Maritime Activity Reports, Inc.

January 29, 2001

The Ukrainian coastguard found 14 corpses and 32 survivors marooned for two days in lifeboats and rafts in the Black Sea after a storm engulfed a small ferry. Five people were missing.

Two survivors told Reuters that the ferry, carrying mostly shuttle traders taking Turkish goods for sale at Ukrainian markets, sank on Friday. They spent two days shivering aboard an overcrowded life raft which itself was gradually sinking. Sea temperatures at this time of year are around six degrees Celsius (43 degrees Fahrenheit).

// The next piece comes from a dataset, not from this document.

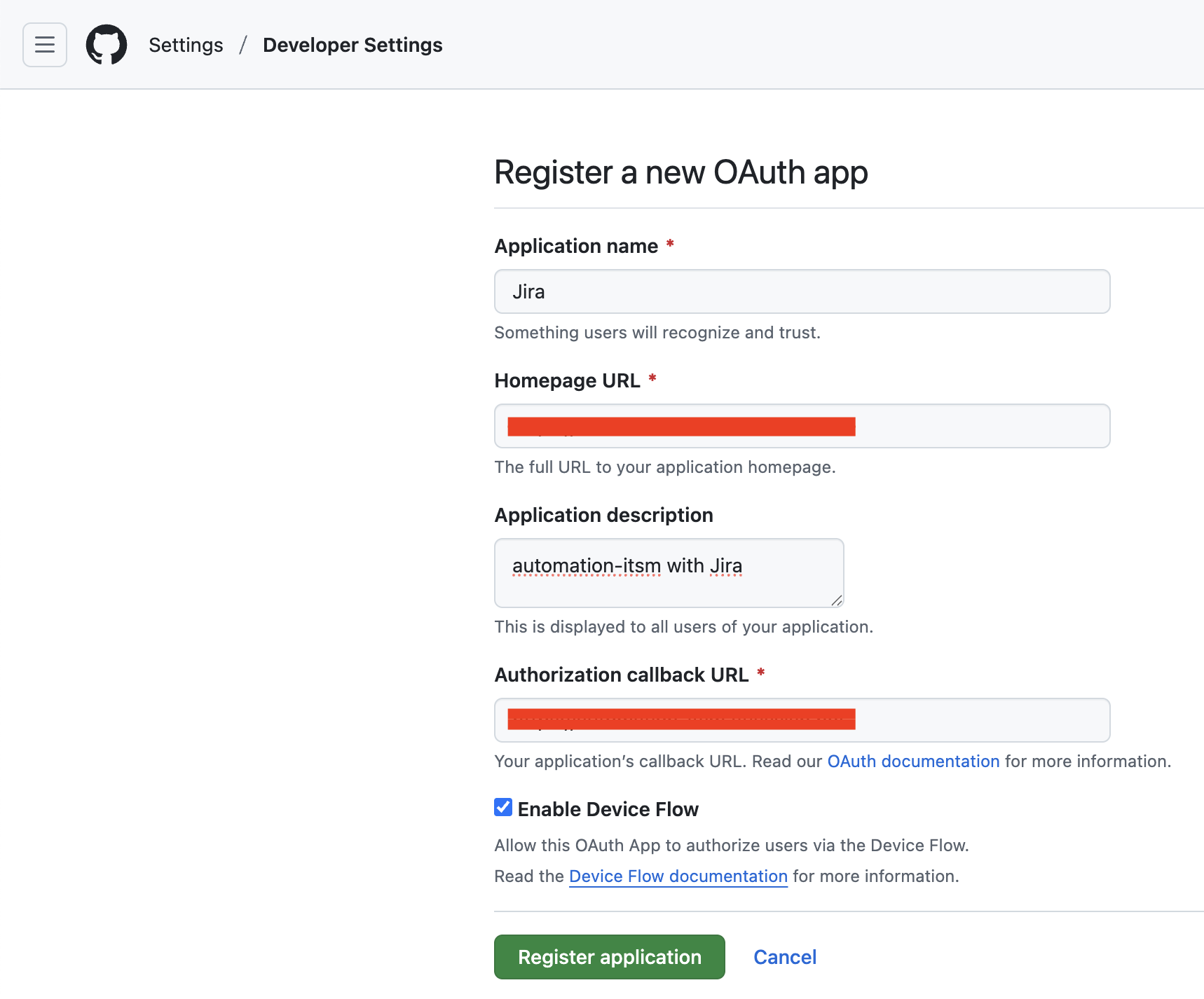 Authorization callback URL : Jira의 프로젝트 주소 (예)https://프로젝트명.atlassian.net
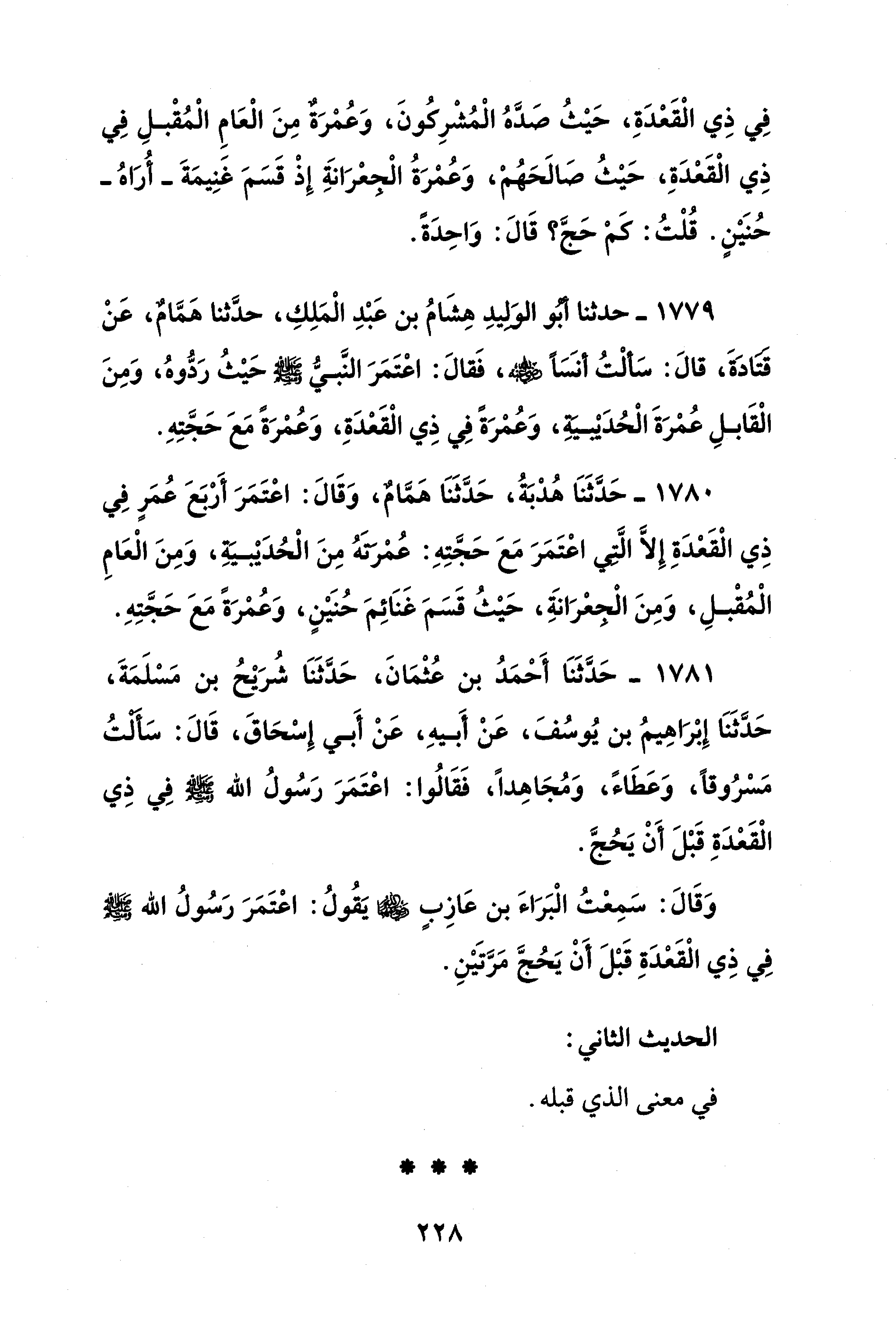 1781 - حَدَّثَنَا أَحْمَدُ بن عُثْمَانَ، حَدَّثَنَا شُرَيْحُ بن مَسْلَمَةَ، حَدَّثَنَا إِبْرَاهِيمُ بن يُوسُفَ، عَنْ أَبيهِ، عَنْ أَبي إِسْحَاقَ، قَالَ: سألتُ مَسْرُوقًا، وَعَطَاءً، وَمُجَاهِدًا، فَقَالُوا: اعْتَمَرَ رَسُولُ الله - صلى الله عليه وسلم - فِي ذِي الْقَعْدَةِ قَبْلَ أَنْ يَحُجَّ.

The 790-ton Pamyat Mercuria (Memory of Mercury) had been carrying 49 Ukrainians and two Russians from Istanbul to Yevpatoria in Ukraine's Crimea peninsula. "The boat listed over to the right, and the crew tried to save it, but it was clear pretty quickly that it was listing further and we would capsize," said the ship's 30-year-old doctor, Igor Grant. "We were on a life raft, sitting in a circle on its rim -- fighting for two days to stop it sinking," he said from his hospital bed in the port of Sevastopol. "There was one death." Third mate Vitaly Bondar, 29, said the 36-year-old Polish-built vessel went down in less than 10 minutes. "There were women among the passengers. Everyone jumped in the water to swim for the raft," he said. "There wasn't any panic, but we were on a raft designed for 10. At the beginning there were 24 of us, but one passenger had been in the water too long and died quickly. We had to throw him in the sea." "As an old vessel of small tonnage it should have skirted around the Western shores of the Black Sea, but instead took a shorter direct route across the sea."